Here are the full profiling results:
Wed Mar 13 22:19 2024 Time and Allocation Profiling Report (Final)
cabal-script-1brc.hs +RTS -p -RTS
total time = 47.73 secs (47728 ticks @ 1000 us, 1 processor)
total alloc = 53,806,642,352 bytes (excludes profiling overheads)

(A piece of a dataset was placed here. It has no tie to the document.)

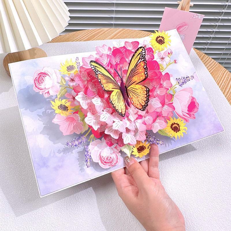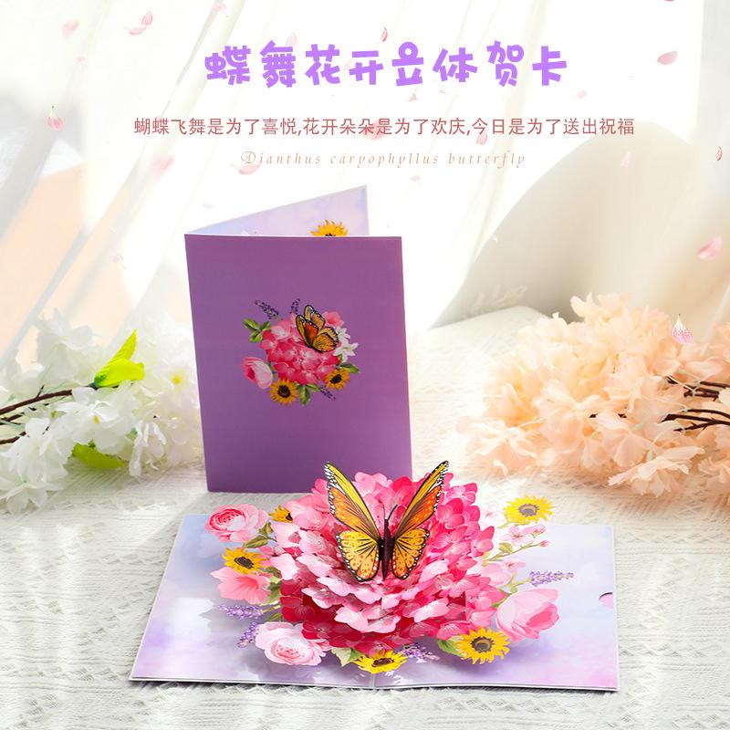 Tarjeta de felicitación de cumpleaños con diseño de mariposas, girasoles y viento, gran sentido 3D, nueva tarjeta tridimensional para el día de San Valentín, creativa, hecha a mano, bricolaje.

COST CENTRE MODULE SRC %time %alloc
$wmain Main <no location info> 63.6 25.6
hashPtr Data.Hashable.Class src/Data/Hashable/Class.hs:776:1-49 19.0 44.6
hashPtrWithSalt Data.Hashable.LowLevel src/Data/Hashable/LowLevel.hs:(113,1)-(115,23) 13.4 29.7
$wcompareBytes Main /tmp/1brc/1brc.hs:42:1-12 3.9 0.0
individual inherited
COST CENTRE MODULE SRC no. entries %time %alloc %time %alloc
MAIN MAIN <built-in> 233 0 0.0 0.0 100.0 100.0
main Main /tmp/1brc/1brc.hs:246:1-4 466 1 0.0 0.0 100.0 100.0
main2 Main <no location info> 467 1 0.0 0.0 100.0 100.0
main1 Main <no location info> 468 1 0.0 0.0 100.0 100.0
$wmain Main <no location info> 469 1 63.6 25.6 100.0 100.0
hashPtr Data.Hashable.Class src/Data/Hashable/Class.hs:776:1-49 476 1000000000 19.0 44.6 32.5 74.3
hashPtrWithSalt Data.Hashable.LowLevel src/Data/Hashable/LowLevel.hs:(113,1)-(115,23) 477 1000000000 13.4 29.7 13.4 29.7
$wcompareBytes Main /tmp/1brc/1brc.hs:42:1-12 478 999999587 3.9 0.0 3.9 0.0
lvl8 Main <no location info> 479 413 0.0 0.0 0.0 0.0
lvl2 Main <no location info> 481 1239 0.0 0.0 0.0 0.0
$j Main <no location info> 482 413 0.0 0.0 0.0 0.0
$fPrimRow_$csetByteArray# Main /tmp/1brc/1brc.hs:123:10-17 471 1 0.0 0.0 0.0 0.0
defaultSetByteArray# Data.Primitive.Types Data/Primitive/Types.hs:(252,1)-(257,11) 472 1 0.0 0.0 0.0 0.0
$fPrimRow_$cwriteByteArray# Main /tmp/1brc/1brc.hs:142:3-17 474 10000 0.0 0.0 0.0 0.0
CAF Main <entire-module> 465 0 0.0 0.0 0.0 0.0
$fPrimRow Main /tmp/1brc/1brc.hs:123:10-17 473 1 0.0 0.0 0.0 0.0
lvl1 Main <no location info> 480 1 0.0 0.0 0.0 0.0
lvl11 Main <no location info> 470 1 0.0 0.0 0.0 0.0
lvl9 Main <no location info> 475 1 0.0 0.0 0.0 0.0
CAF Data.ByteString.Char8 <entire-module> 421 0 0.0 0.0 0.0 0.0
CAF GHC.Conc.Signal <entire-module> 361 0 0.0 0.0 0.0 0.0
CAF GHC.Float <entire-module> 353 0 0.0 0.0 0.0 0.0
CAF GHC.IO.Encoding <entire-module> 344 0 0.0 0.0 0.0 0.0
CAF GHC.IO.Encoding.Iconv <entire-module> 342 0 0.0 0.0 0.0 0.0
CAF GHC.IO.Handle.FD <entire-module> 334 0 0.0 0.0 0.0 0.0
CAF GHC.Weak.Finalize <entire-module> 302 0 0.0 0.0 0.0 0.0
CAF Text.Printf <entire-module> 294 0 0.0 0.0 0.0 0.0
CAF GHC.IO.FD <entire-module> 266 0 0.0 0.0 0.0 0.0
The C8.lines
returns a list, it allocates a lot. Would be better to parse lines yourself. The rem
function is also quite expensive, could try power-of-2 table instead. Could try -fllvm
as well. I didn’t run the benchmark, but looking at the assembly, there’s a lot of *6
which is compiled to actual multiplication by GHC, but not by LLVM.